There were 94 households, of which 39.4% had children under the age of 18 living with them, 53.2% were married couples living together, 4.3% had a female householder with no husband present, 6.4% had a male householder with no wife present, and 36.2% were non-families. 30.9% of all households were made up of individuals, and 13.8% had someone living alone who was 65 years of age or older. The average household size was 2.84 and the average family size was 3.70.

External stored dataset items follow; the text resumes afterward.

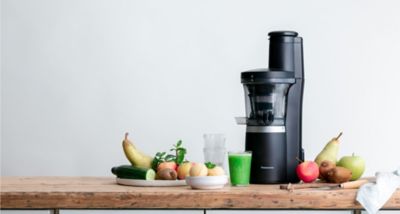 Uživajte u omiljenom soku još brže. Spori sokovnik MJ-L700 prihvaća cjelovite komade voća i nema više potrebe za dugotrajnim sjeckanjem. Sporo cijedi i pažljivo izvlači sve hranjive sastojke i okus iz sastojaka. Zamislite zdrav hladno cijeđeni sok ili smrznute deserte kod kuće svaki dan. Zatim to doživite s uređajem MJ-L700.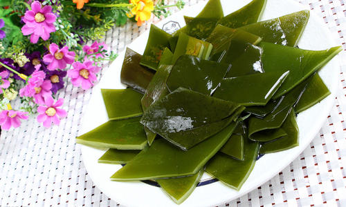 5.海带帮助排便不长胖。热量低且充满胶质、矿物质的海带是很适合现代人的美容健康食品。海带富含可溶性纤维,比一般纤维更容易消化吸收,帮助顺畅排便。最大的优点是,海带热量低,做为宵夜点心不用担心发胖,很适合爱美的女性。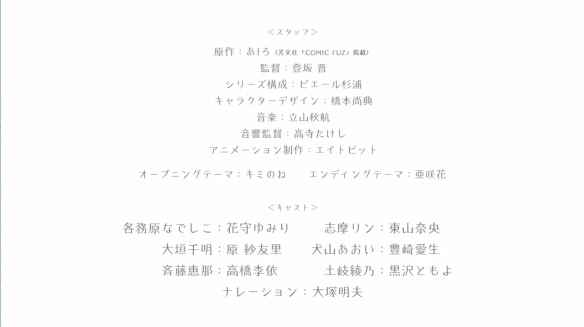 监督:登坂晋 系列构成:杉浦理史 角色设定:橋本尚典 音乐:立山秋航 音响监督:高寺たけし 动画制作:エイトビット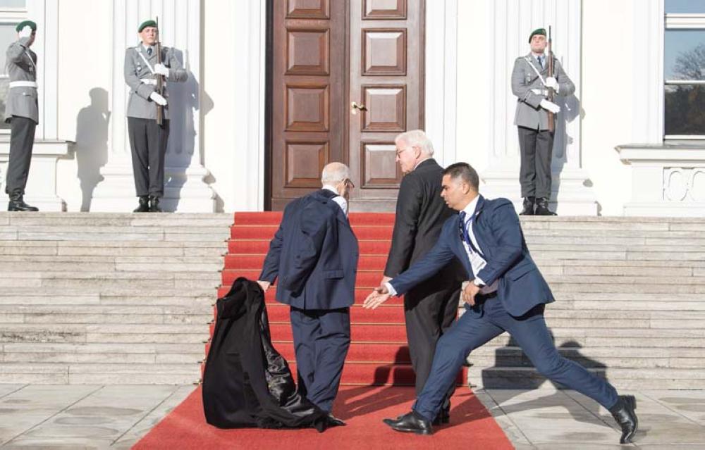 أحد الحراس الشخصيين يسارع إلى حمل معطف الرئيس التونسي الباجي قائد السبسي عند استقبال الرئيس الألماني له أمس. (أ. ف. ب)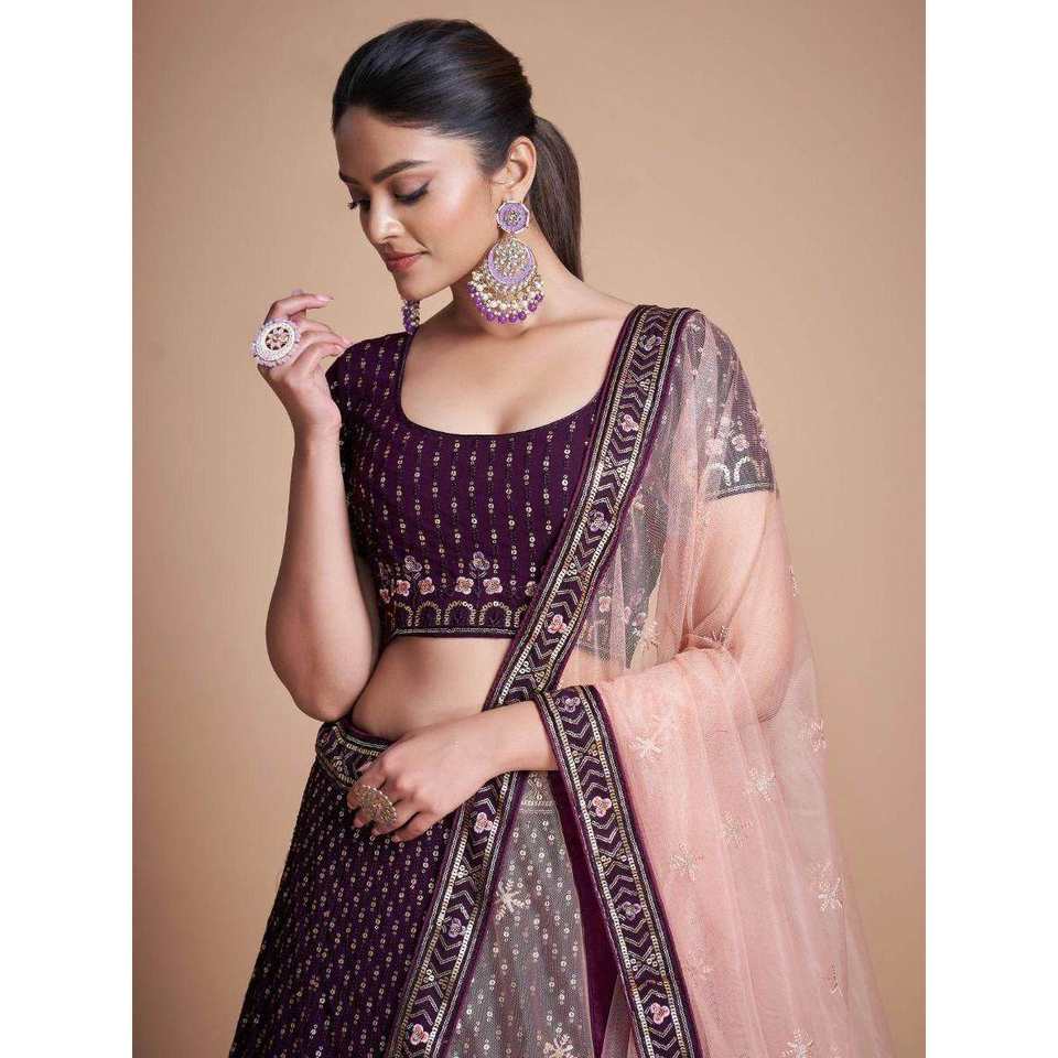 ชุดเลเฮนกาโชลีผ้าจอร์เจตต์ปักลายสีม่วงหรูหราสำหรับผู้หญิง

The median age in the city was 30.8 years. 29.6% of residents were under the age of 18; 12.7% were between the ages of 18 and 24; 25.1% were from 25 to 44; 20.9% were from 45 to 64; and 11.6% were 65 years of age or older. The gender makeup of the city was 51.7% male and 48.3% female.

===2000 census===
As of the census of 2000, there were 287 people, 98 households, and 70 families living in the city. The population density was 283.6 PD/sqmi. There were 113 housing units at an average density of 111.7 /sqmi. The racial makeup of the city was 74.56% White, 0.35% Native American, 0.70% Asian, 22.30% from other races, and 2.09% from two or more races. Hispanic or Latino of any race were 31.36% of the population.

There were 98 households, out of which 37.8% had children under the age of 18 living with them, 50.0% were married couples living together, 10.2% had a female householder with no husband present, and 27.6% were non-families. 24.5% of all households were made up of individuals, and 13.3% had someone living alone who was 65 years of age or older. The average household size was 2.93 and the average family size was 3.52.

35.2% are under the age of 18, 7.0% from 18 to 24, 26.1% from 25 to 44, 17.1% from 45 to 64, and 14.6% who were 65 years of age or older. The median age was 33 years. For every 100 females, there were 112.6 males. For every 100 females age 18 and over, there were 113.8 males.

The median income for a household in the city was $30,625, and the median income for a family was $36,750. Males had a median income of $28,854 versus $24,000 for females. The per capita income for the city was $13,608. About 14.1% of families and 19.5% of the population were below the poverty line, including 26.5% of those under the age of eighteen and 4.5% of those 65 or over.

==Education==
Chelsea is within the South Tama County Community School District.